Blaine city staff host a “Roadeo”


Onlookers gaze at a display of heavy-duty construction equipment during the August 19 Roadeo. Photo by Stefanie Donahue.

By Stefanie Donahue

A crowd mixed with folks of all ages and interests – perhaps even a few aspiring maintenance workers – stopped by Blaine’s first equipment “Roadeo” last Friday.

Blaine’s public works department hosted the event to give the public a glimpse at what city maintenance workers do each day. From 1 to 3:30 p.m., a line of heavy-duty machines and vehicles sat tall behind the Blaine library for all to see.

“A lot of what we do in public works is behind the scenes,” said public works director Ravyn Whitewolf. “A lot of what we do is really cool.”

The quality of life in Blaine is impacted directly by the actions of public works staff, she said. The department is tasked with managing all city utilities, including water, wastewater, storm water and electrical services as well as repair and maintenance of streets and public facilities.


Kids and event volunteers engage in a water balloon fight during the Roadeo. Photo by Stefanie Donahue.

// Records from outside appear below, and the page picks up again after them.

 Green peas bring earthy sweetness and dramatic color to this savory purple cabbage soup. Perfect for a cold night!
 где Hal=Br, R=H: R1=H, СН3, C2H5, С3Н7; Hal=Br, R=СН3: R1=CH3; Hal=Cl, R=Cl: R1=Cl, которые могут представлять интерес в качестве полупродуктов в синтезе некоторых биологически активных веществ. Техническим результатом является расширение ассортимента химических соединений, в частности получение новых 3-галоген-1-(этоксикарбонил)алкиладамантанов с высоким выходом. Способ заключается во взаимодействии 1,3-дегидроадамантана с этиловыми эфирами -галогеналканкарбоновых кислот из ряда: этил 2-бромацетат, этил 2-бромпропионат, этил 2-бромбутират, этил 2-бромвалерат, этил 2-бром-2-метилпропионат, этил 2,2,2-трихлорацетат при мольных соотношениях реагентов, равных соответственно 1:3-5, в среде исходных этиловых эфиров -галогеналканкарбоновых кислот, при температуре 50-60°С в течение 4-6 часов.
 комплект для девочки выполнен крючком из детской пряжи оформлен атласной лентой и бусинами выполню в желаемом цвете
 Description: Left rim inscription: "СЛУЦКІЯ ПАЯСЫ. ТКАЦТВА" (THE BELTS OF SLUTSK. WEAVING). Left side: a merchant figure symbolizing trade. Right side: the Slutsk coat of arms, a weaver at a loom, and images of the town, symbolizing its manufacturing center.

The event was modeled after similar events sponsored by public works departments throughout the country. Often, public works roadeos feature competitions between operators. However, Blaine’s event focused on engaging the public through demonstrations and interactive displays.

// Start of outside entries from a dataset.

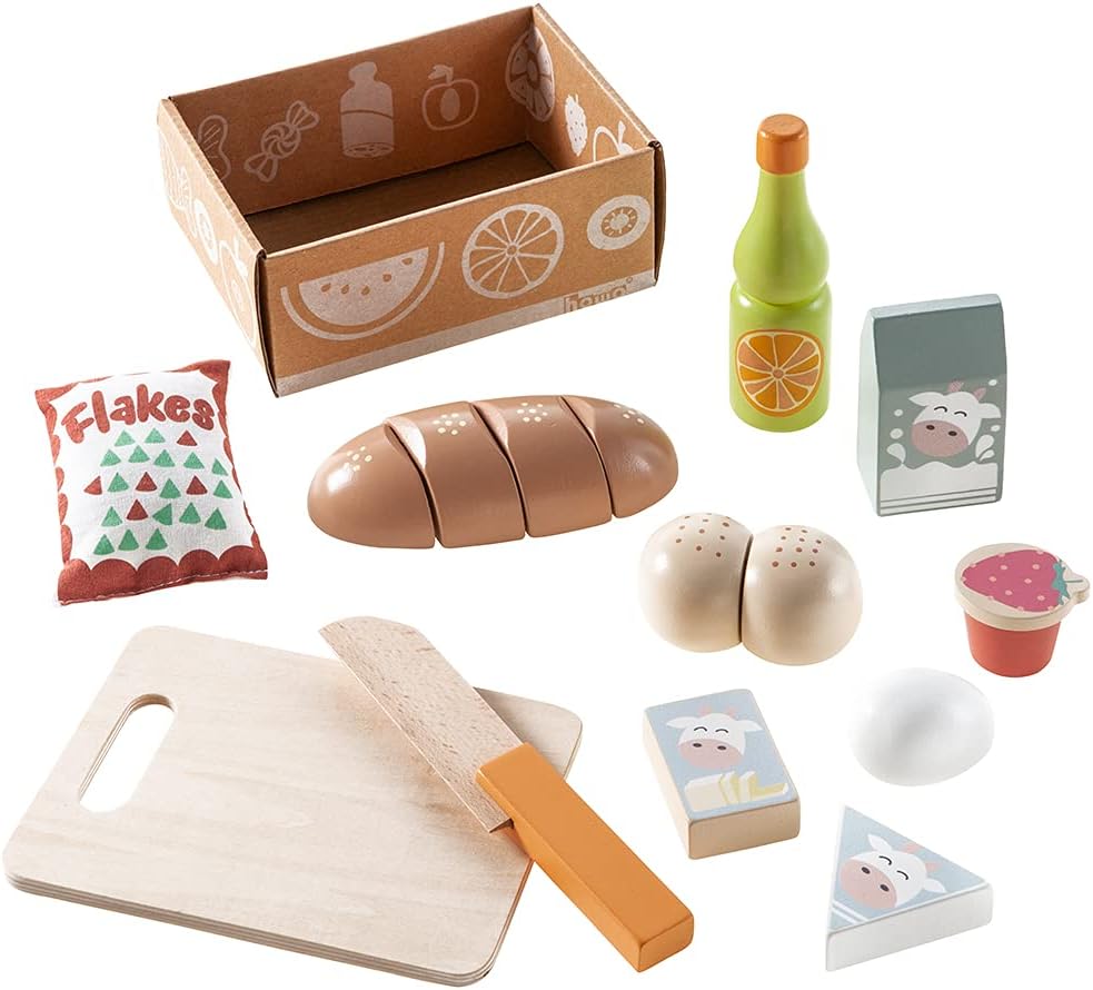 - Das liebevoll gestaltete Set aus Holz umfasst: Schneidbrett, Holzmesser, Aufbewahrungsbox, Brotlaib, Semmel, Flakes, Orangensaft, Milch, Erdbeermarmelade, Ei, Butter, Käse
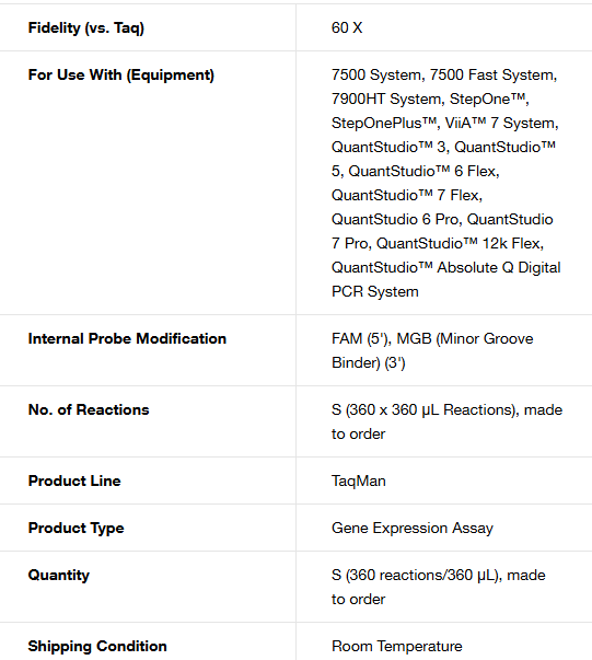 - Gold-standard TaqMan qPCR chemistry—TaqMan assays draw on Thermo Fisher Scientific's bioinformatics assay design pipeline to help ensure high specificity and minimal cross-reactivity, even for gene variants with high sequence homology
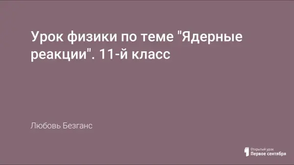 Урока призван ознакомить учащихся с ядерными реакциями, с процессами изменения атомных ядер, превращением одних ядер в другие под действием микрочастиц. Подчеркнуть, что это отнюдь не химические реакции соединения и разъединения атомов элементов между собой, затрагивающие только электронные оболочки, а перестройка ядер как систем нуклонов, превращение одних химических элементов в другие. Урок сопровождается презентацией.
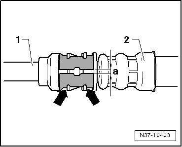 The clip must be seated completely in the groove on the coupling - 2 - and the connection - 1 -. Dimension - a - should be a maximum of 5 mm.
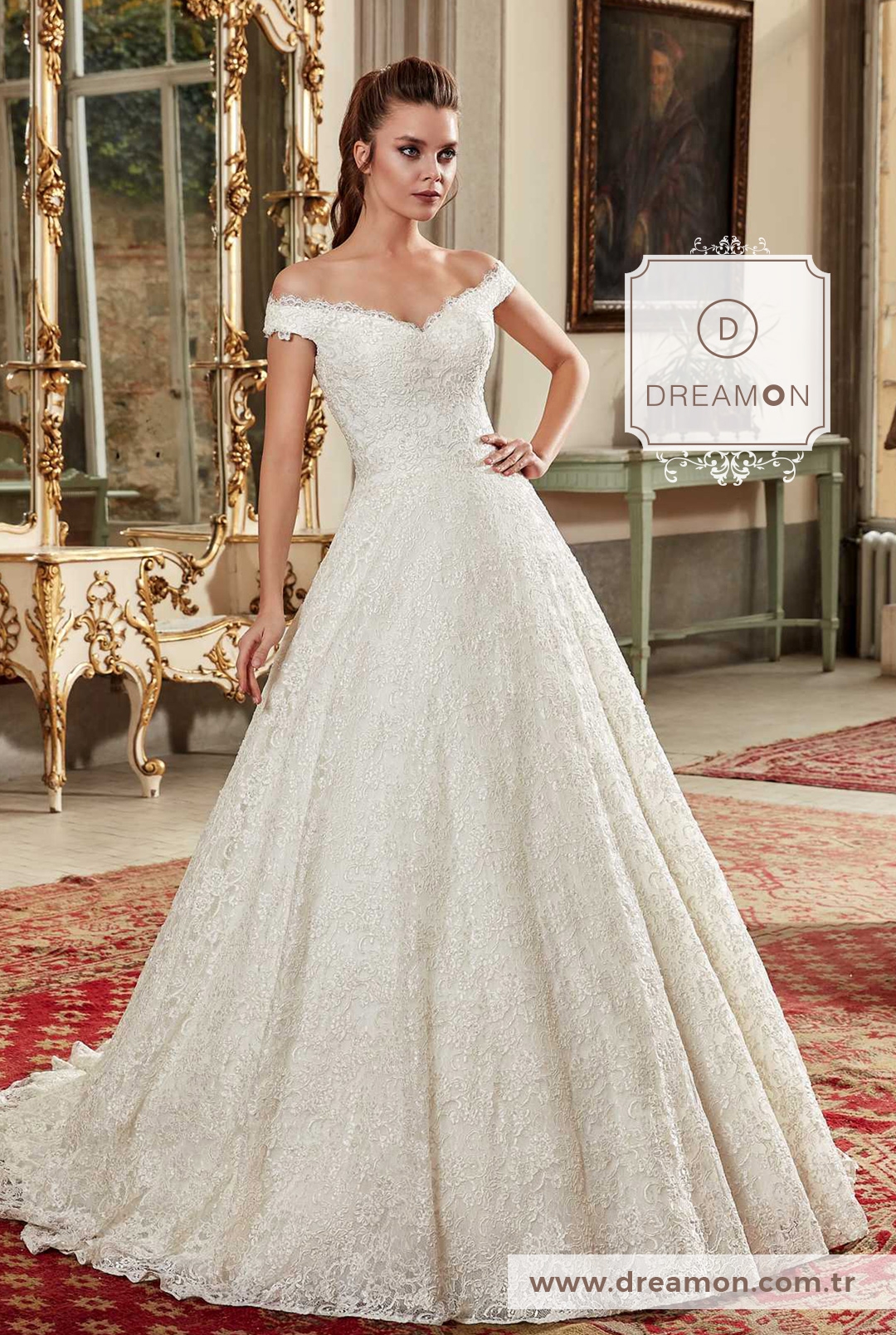 The very trendy ball gown model of the year is the last trend of the year with its ambitious shoulders resembling royal symbols, featuring elegant décolleté with hand-made lace-up lace trim with very small pearls. An exquisite choice with a completely different design.
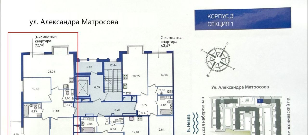 3-к кв. Санкт-Петербург ул. Александра Матросова, 1 (92.25 м²)

On Friday, spectators watched in awe as a backhoe, designed to dig and maneuver heavy objects, carefully transported a wine glass between two nearby tables. A display featuring a robotic camera used to snake through storm and sewer drains was setup for use. Sitting nearby was a vactor truck, equipped with a large black tube used for sanitary maintenance.

“It’s just a vacuum like your mom and dad have at home,” said public works employee Jim Bird.

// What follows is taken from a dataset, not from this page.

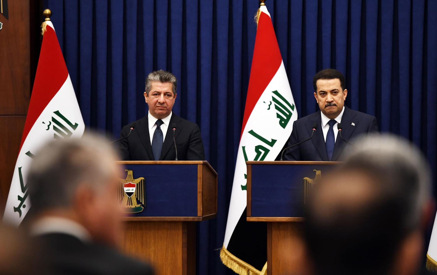 Kurdistan Region Prime Minister Masrour Barzani and Iraqi Prime Minister Mohammed Shia’ al-Sudani during a joint press conference in Baghdad on April 4, 2023. Photo: PM Barzani's office
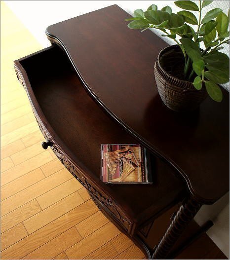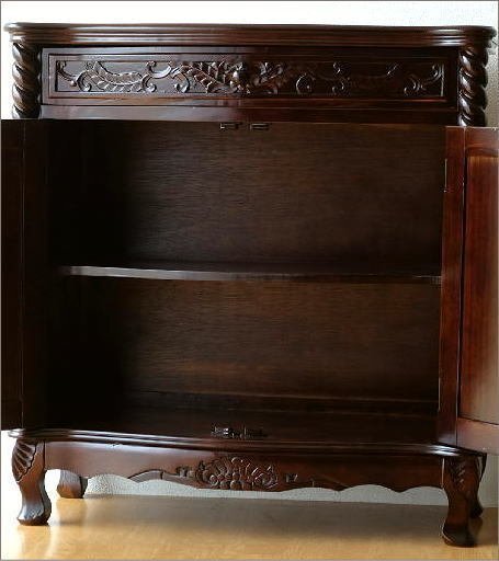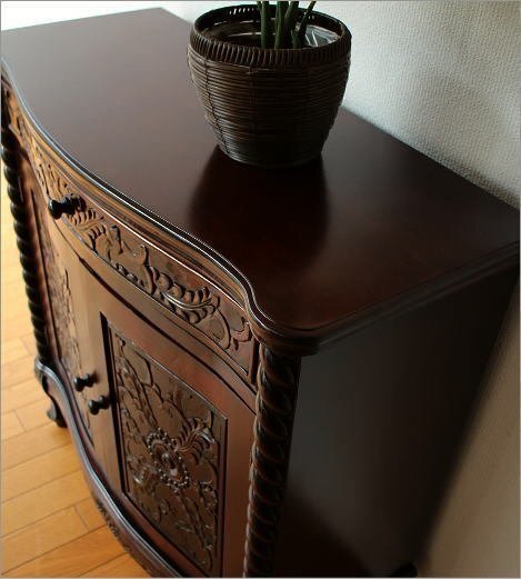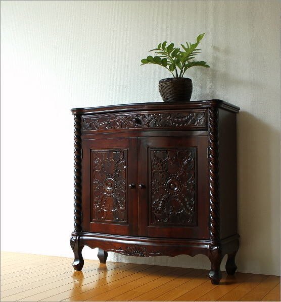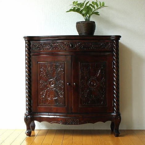 | クラシックで上品な雰囲気ただよう アンティークな家具の世界 一緒に置いたり飾ったりする小物も いっそう上品な印象を与えます こちらはねじり柱と彫刻が印象的な 猫脚キャビネットです 引き出しは1つ、 扉内は真ん中に仕切りが1つあります オーソドックスなデザインで、 玄関、リビング、寝室とあらゆるスペースで映えます 商品名 : アンティークなキャビネット ツイスト 商品番号 : diz9129 全体のサイズ(cm) : 幅80.5×奥行35.5×高さ83 引出内寸 : 幅64×奥行23×深さ8 扉内上板 : 幅71×奥行26×高さ25 扉内下板 : 幅71×奥行26×高さ24 材質 : 栃 重量 : 16kg 塗装 : ウレタン 組立状態 : 完成品 生産国 : 中国 ・サイズ・重量はおおよその値です ・一つずつ手作業での生産につき多少の違いはご了承ください ※使用に問題のない細かな仕様変更がある場合がございます ※床のキズ防止フェルトを貼って出荷します ※本物のアンティーク家具ではございません ※扉内の棚板は固定です ※アジアン家具特有のアバウトな作りとなっています ※引き出し内部は塗装の匂いが幾分か致します |

A public works employee looks out over the crowd during Blaine’s Roadeo event. Photo by Stefanie Donahue.

Nearly all members of the public works department were at the event to help, Whitewolf said. Local police, members of the fire department and representatives from Puget Sound Energy were also involved.

“Every person that is operating equipment is a city employee,” Whitewolf said.